La sale guerre de Poutine redessine les équilibres géopolitiques.
Date. «Tu n’en reviendras pas toi qui courais les filles/Jeune homme dont j’ai vu battre le cœur à nu/Quand j’ai déchiré ta chemise et toi non plus/Tu n’en reviendras pas vieux joueur de manille/Qu’un obus a coupé par le travers en deux.» Ainsi poétisait Louis Aragon, en 1956 (la Guerre, et ce qui s’ensuivit, in le Roman inachevé). Alors que le chaos du fer et du feu progresse et que les mots semblent impuissants à traduire notre sidération et nos colères conjuguées, voilà donc le retour de l’Histoire par sa face la plus tragique, capable de menacer tous les équilibres du monde. Nous vivons un point de bascule considérable, un tournant historique que certains jugent aussi important, sinon plus, que le 11 septembre 2001 en tant que modification en profondeur des paradigmes qui pourraient conduire l’Europe et bien des institutions à renouer avec le primat du politique. Les conséquences s’avèrent d’ores et déjà incalculables en vérité et susceptibles de bousculer les imaginaires, les représentations et sans doute les mentalités. La pandémie avait écrasé les corsets budgétaires ; la sale guerre de Poutine redessine les équilibres géopolitiques. À tel point que le 24 février 2022 restera une date charnière du XXIe siècle, tel le surgissement de l’événement imprévisible – et si prévisible pourtant.

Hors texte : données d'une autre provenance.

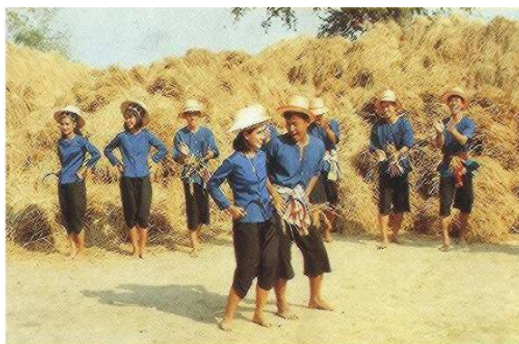
ภาพ 2 การละเล่นพื้นเมืองภาคกลาง:เต้นกำรำเคียว

ทางภาคตะวันออกเฉียงเหนือหรือชาวไทยอีสาน เป็นผู้สืบเชื้อสายเลือดเนื้อของชนชาติไทยหรืออ้ายลาวที่มาตั้งอาณาจักรล้านช้างในสมัยรัชกาลที่ 2 ชาวไทยกลุ่มอีสานแบ่งออกเป็นกลุ่มย่อยอีกคืออีสานเหนือและอีสานใต้ ส่วนใหญ่นับถือศาสนาพุทธ ภาษาที่ใช้คือภาษาไทยถิ่นอีสานและภาษาของชนกลุ่มน้อย นอกจากนี้ยังนับถือเทวดาที่เรียกว่าพญาแถนมีความเชื่อในเรื่องผีจึงมีพิธีกรรมที่แสดงออกถึงความเชื่อพร้อมกับการนับถือศาสนาเพื่อความอุดมสมบูรณ์แลความมั่นคงในการดำรงชีวิต
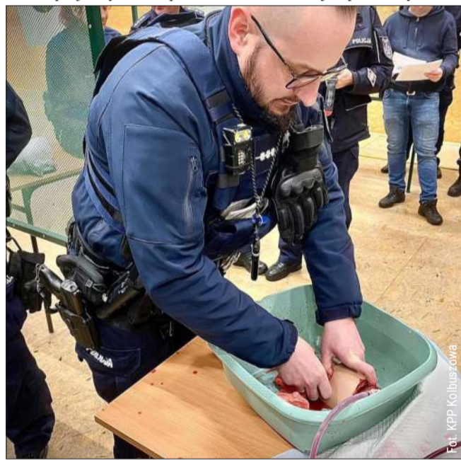
Policjanci przeszli specjalne szkolenie.

Zajęcia miały charakter praktyczny i odbywały się na strzelnicy Liceum Ogólnokształcącego w Kolbuszowej. Funkcjonariusze ćwiczyli m.in. szybkie rozpoznawanie masywnych krwotoków oraz skuteczne metody ich tamowania, przy użyciu specjalistycznego sprzętu.
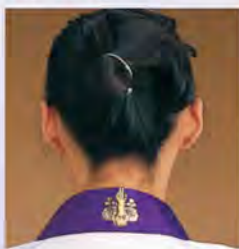
831 緑 830 若草色 829 白 828 三鈷 835 黄 834 青 833 赤 832 金
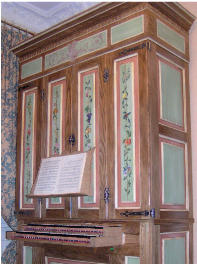
Sur les volets fermés, les fleurs et les fruits des quatre saisons.
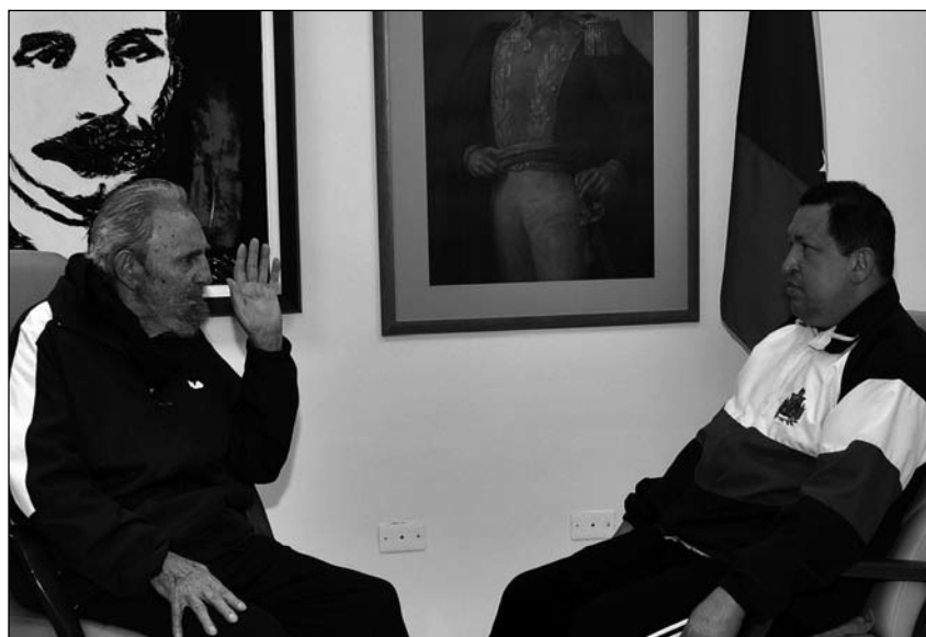
Disque se a situación de Chávez en Cuba se agrava podería haber eleccións en Venezuela en marzo

Ambos os dous sucesos, e a forma en que sexan resoltos, van definir boa parte do desenvolvemento dos acontecementos políticos no vindeiro ciclo 2013-2014. Paraguai era o eslabón máis feble dos procesos de mudanza do continente, cun Fernando Lugo refén dos seus pactos de gober-

Ampleur. Sinistre stratège, ce Poutine! L’homme fort du Kremlin, quels que soient ses buts de guerre et ses raisons héritées du passé, aura en effet réussi à obtenir, en un temps record et au prix de milliers de morts et de destructions épouvantables, des résultats à l’opposé de ce que nous pouvions imaginer, voire de ceux qui étaient à l’origine recherchés. A-t-il divisé l’Europe? Non. A-t-il éloigné l’Ukraine de l’UE? Non. A-t-il renforcé le sentiment «russe» sur les territoires conquis? Non. A-t-il tué dans l’œuf le nationalisme ukrainien? Non. A-t-il hâté la fin de l’Otan? Non. En quelques jours de guerre fratricide, Poutine a relancé les sirènes de l’atlantisme : comment, en pleine guerre, la France pourrait-elle désormais assumer de sortir de l’Otan et du commandement intégré? Le bloc-noteur lui-même l’admet: cette perspective est devenue caduque, au moins pour un temps long. Par ailleurs, Poutine voit donc sa Russie mise au ban de la communauté internationale, comme cela s’est rarement vu depuis la Seconde Guerre mondiale – et pour une durée impossible à maîtriser. Tôt ou tard, les sanctions économiques, par leur ampleur, porteront leurs fruits.
Désastre. Sous le fracas des bombes, que rien ne justifiera jamais, il devient presque difficile de réfléchir en toute sérénité pour trouver le chemin d’un cessez-le-feu et d’une paix durable, comme tente par exemple de le faire Dominique de Villepin, l’un de ceux qui appellent à la désescalade et rappellent l’engagement formel, en 1991, des pays occidentaux de ne pas étendre l’Otan «au-delà de l’Elbe», comme l’atteste un document exhumé des archives britanniques et récemment publié par Der Spiegel. Sommes-nous audibles, à parler encore et encore des genèses? Devant ce désastre absolu, seuls les marchands de mort se frottent les mains. À un détail près: eux non plus ne savent pas ce qu’il adviendra demain, dans quelques mois, quand un paysage politique et mental nouveau, dont nul ne soupçonnait la possibilité jusqu’alors, aura franchi une nouvelle ligne d’horizon. Par la brutalité extrême, le continent européen redécouvre le tragique de l’Histoire, mais aussi, paradoxalement, une idée de puissance politique, alors qu’il se rêvait en vaste supermarché insouciant et postnational. Fallait-il des morts pour en arriver là? Et Aragon, toujours: «Déjà la pierre pense où votre nom s’inscrit/Déjà vous n’êtes plus qu’un mot d’or sur nos places/Déjà le souvenir de vos amours s’efface/Déjà vous n’êtes plus que pour avoir péri.»